— INPUT DATA —

|---|

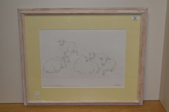 Dido Crosby (b.1961, British), pencil on paper, 'Tups Resting, Pett, East Sussex', signed to the lower right, framed, mounted, and under glass, measuring 30cm x 42cm, & 52cm x 64cm overall
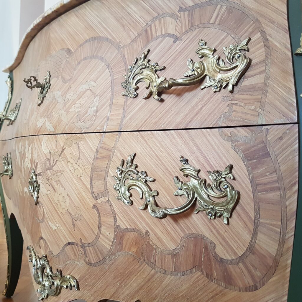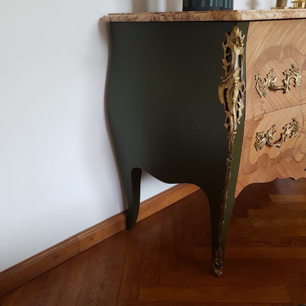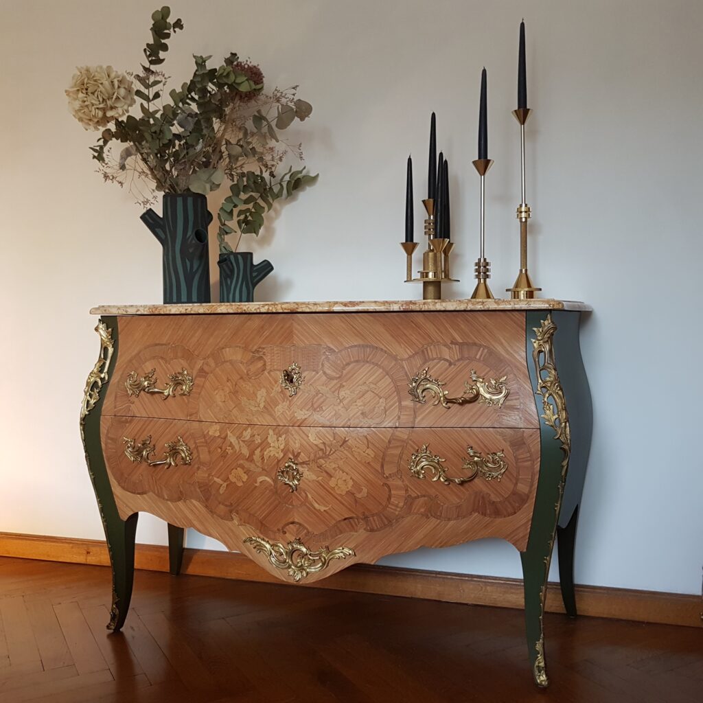 Commode de style Louis XV kaki&wood Commode de style Louis XV ouvrant par deux larges tiroirs… Commode de style Louis XV ouvrant par deux larges tiroirs marquetés, l’ossature a été traitée en kaki mat, un plateau de marbre. vient coiffer le meuble. Share
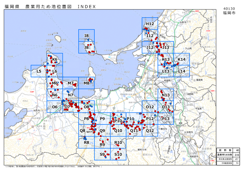 ため池マップとは、福岡県が作成した農業用ため池の位置を示す地図で、防災重点農業用ため池を赤丸で、それ以外の農業用ため池を青丸で表示しています。

|---|

— ACTION ITEM —
Keep the pictures out and repeat exactly the lines from the beginning of the data through the line that contains "Commode de style Louis XV kaki&wood", both ends included.

— ANSWER FOR THE TASK —
 Dido Crosby (b.1961, British), pencil on paper, 'Tups Resting, Pett, East Sussex', signed to the lower right, framed, mounted, and under glass, measuring 30cm x 42cm, & 52cm x 64cm overall
 Commode de style Louis XV kaki&wood Commode de style Louis XV ouvrant par deux larges tiroirs… Commode de style Louis XV ouvrant par deux larges tiroirs marquetés, l’ossature a été traitée en kaki mat, un plateau de marbre. vient coiffer le meuble. Share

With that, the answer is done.